CX project - Quick start

So, what is the CX environment?
What are the CX tasks?
How do I break a problem into smaller tasks using the CX environment?
What are the basic components?
What do I need to know in order to write code for the CX environment?

The CX environment

The basic idea behind CX project, like every other metacomputing environment, is that "“if we could combine the computational resources of devices (mainly PCs) that otherwise would be wasted, then we would something that it’s really good not only from the perspective of taking advantages of unused cycles, but most importantly because then we can create a system with computational power that exceeds every existing system, and makes feasible computations that otherwise would be infeasible"

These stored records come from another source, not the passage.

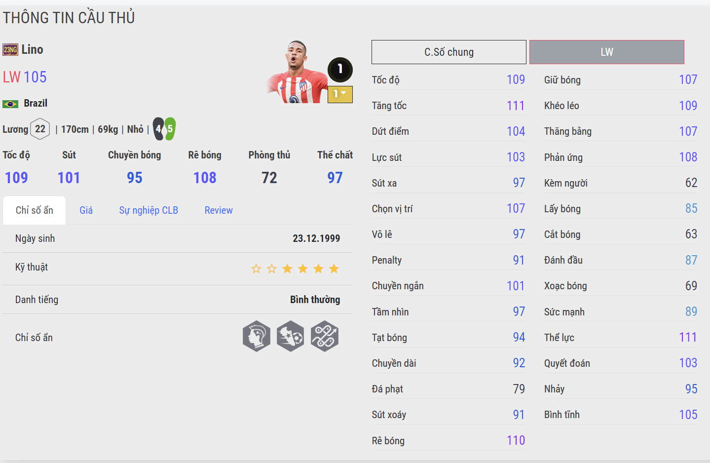 Cầu thủ chạy cánh của Atletico được đánh giá rất cao với bộ chỉ số thiên về vị trí chạy cánh có tốc độ và kỹ thuật cao. Điểm mạnh của Lino nằm ở tốc độ, khả năng tăng tốc vượt trội cùng kỹ năng rê dắt xử lý bóng khéo léo rất tốt.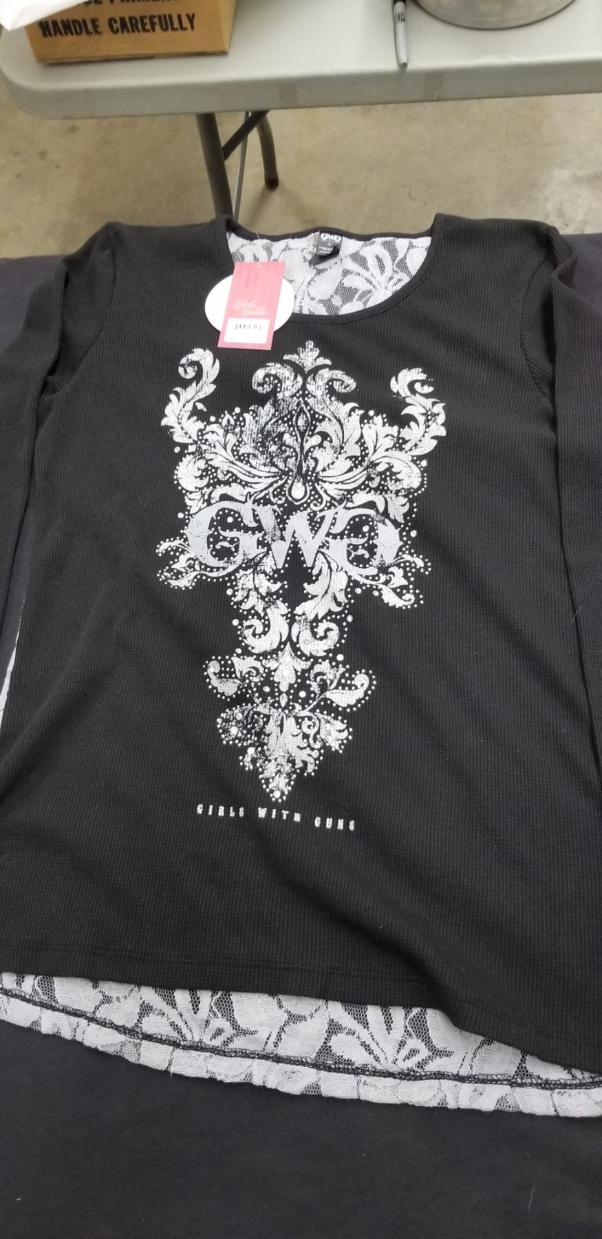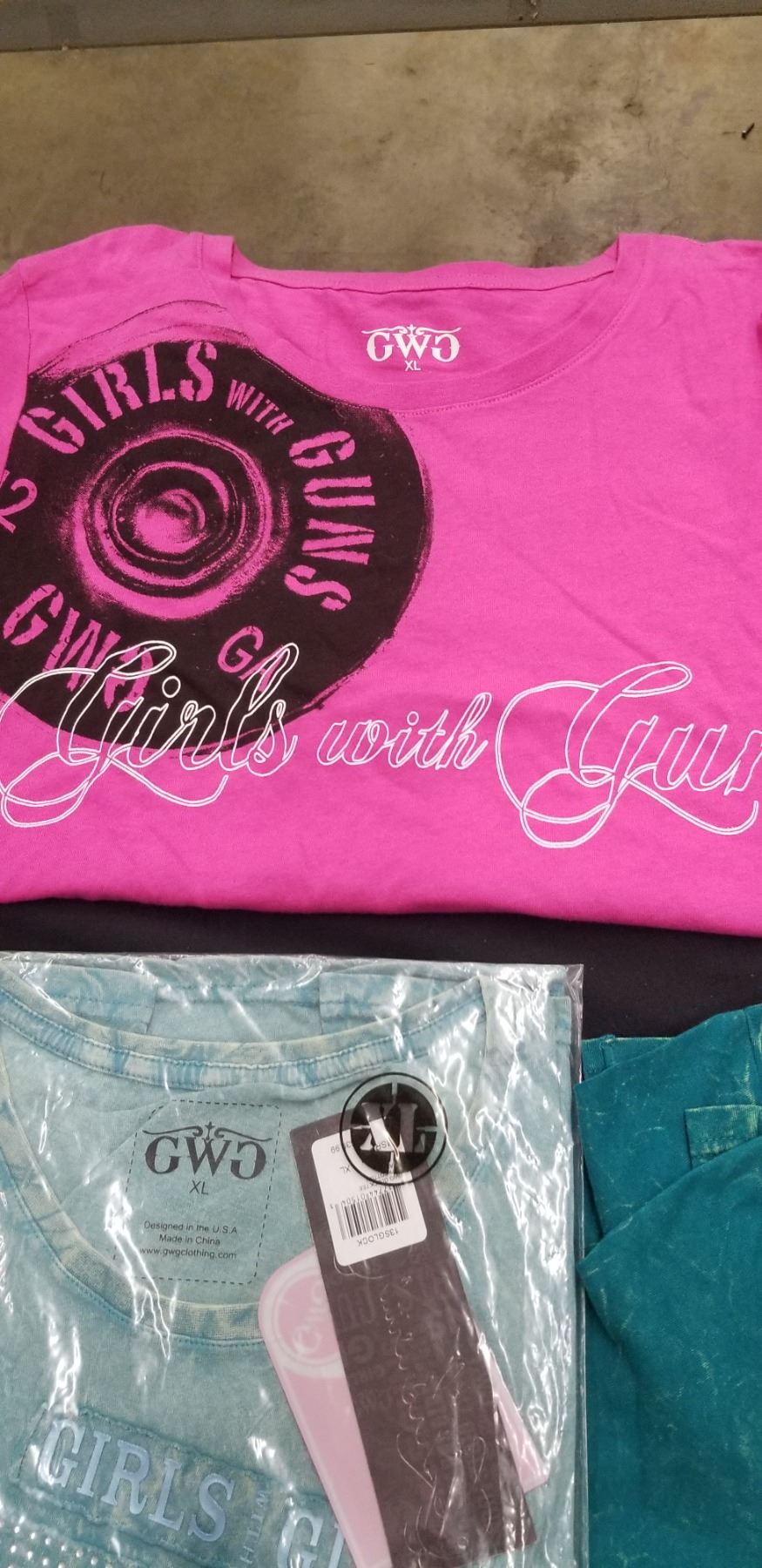 GIRLS WITH GUNS EXTRA LARGE T-SHIRTS AND LONG SLEEVE SHIRTS $39.99 PER SHIRT - TOTAL RETAIL $480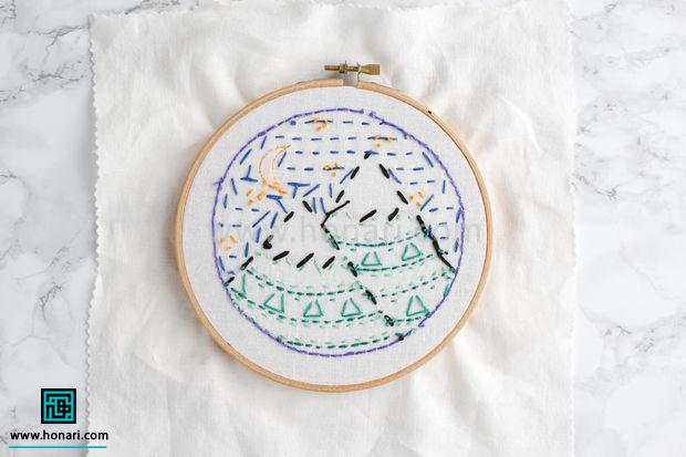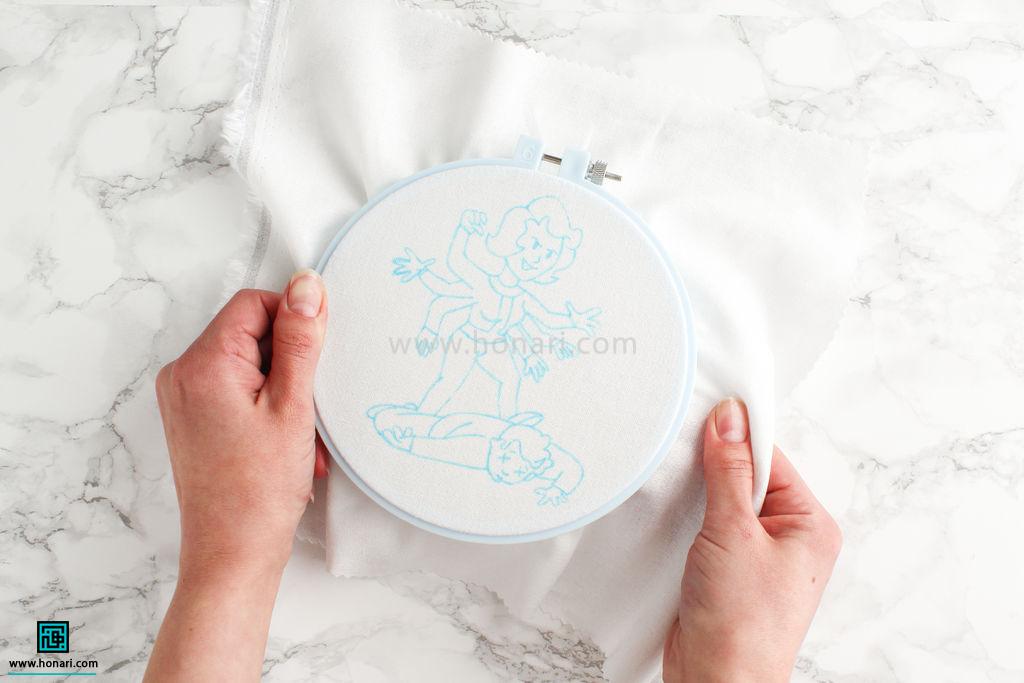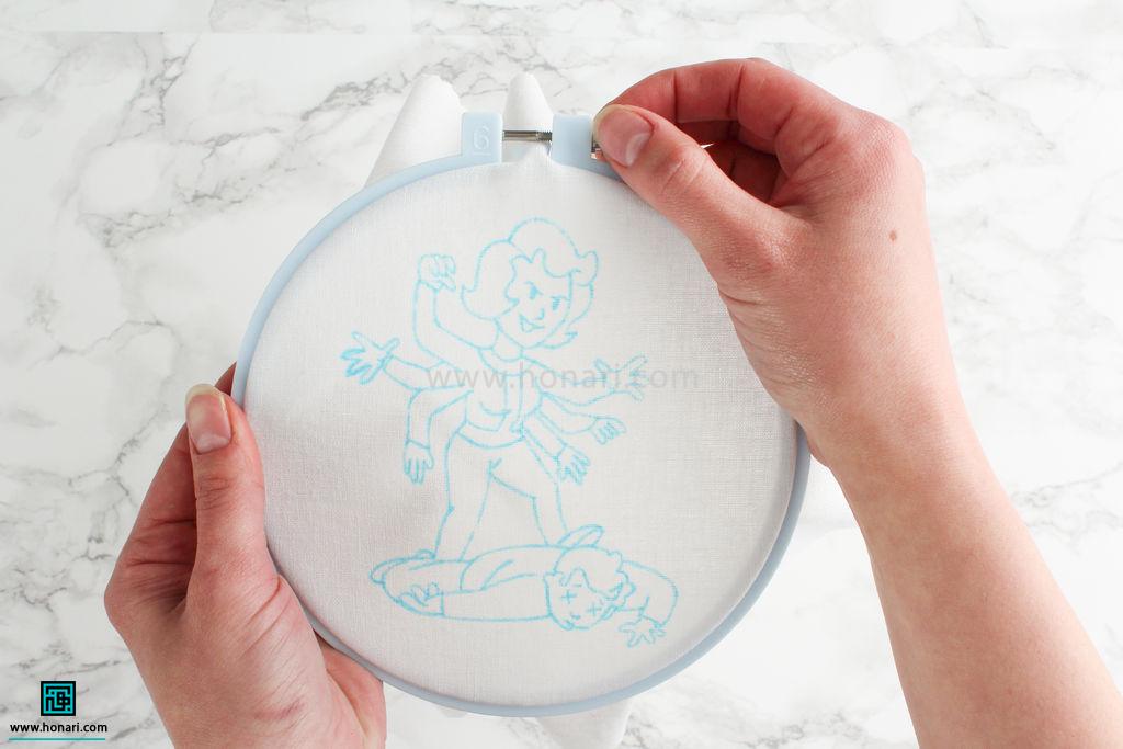 اگر کارگاه شما به قدری بزرگ است که همه‌ی طرح را در خود جای می‌دهد، می‌توانید پارچه را داخل آن نگه دارید؛ اما بهتر است وقتی دوخت تمام شد، کشش پارچه را کمی کمتر کنید.

In order to do so, we must break our problem into smaller problems (divide-and-conquer) and after running these smaller problems into a potentially huge number of different nodes, we must collect those intermediate results and combine them in a meaningful way. How to decompose the initial problem into smaller problems it’s up to the application programmer, who must utilize the CX API. Since the most important concept in the CX project is the notion of task, the following paragraph gives a brief description of what a task is, and what are the similarities between a task and a function.

The CX task

For those of you that have already written programs in any traditional language (for instance C), you are very familiar with the notion of function. Each function does different things (it has different functionality), but still there are some things in common:

All functions have zero or more input arguments
All functions have output (or returned) arguments, unless the return type is "void"
All functions have some properties/attributes. For instance, is Java a function might be static, synchronized, private or public.

Similar observations apply to the CX tasks. Each task has some input arguments, some output arguments and some properties. Some of them might be null, and their number is not always the same, but still there is some space reserved for them, and when present, there is always the same procedure to get and/or set their values.

Divide and conquer

The Fibonacci numbers, that are used as a demo application, are a good example to demonstrate those ideas.

In the above figure, instead of evaluating Fibonacci of 2, that would take centuries (OK, I’m exaggerating a little bit!), we evaluate Fibonacci(1) and Fibonacci(0), and then combine their intermediate results to produce Fibonacci(2) using the definition of the function:

Fibonacci(2)=Fibnucci(1)+Fibonacci(0)

Talking in terms of tasks, this means that instead of executing the task "compute Fib(2)", we break this task into three other tasks:

Fib(1) that will compute fibonacci(1)
Fib(0) that will compute Fibonacci(0)
Fib(1,0) that will combine the intermediate results of Fib(1) and Fib(0) in order to producer Fib(2). In this particular case, the intermediate results will be simple added .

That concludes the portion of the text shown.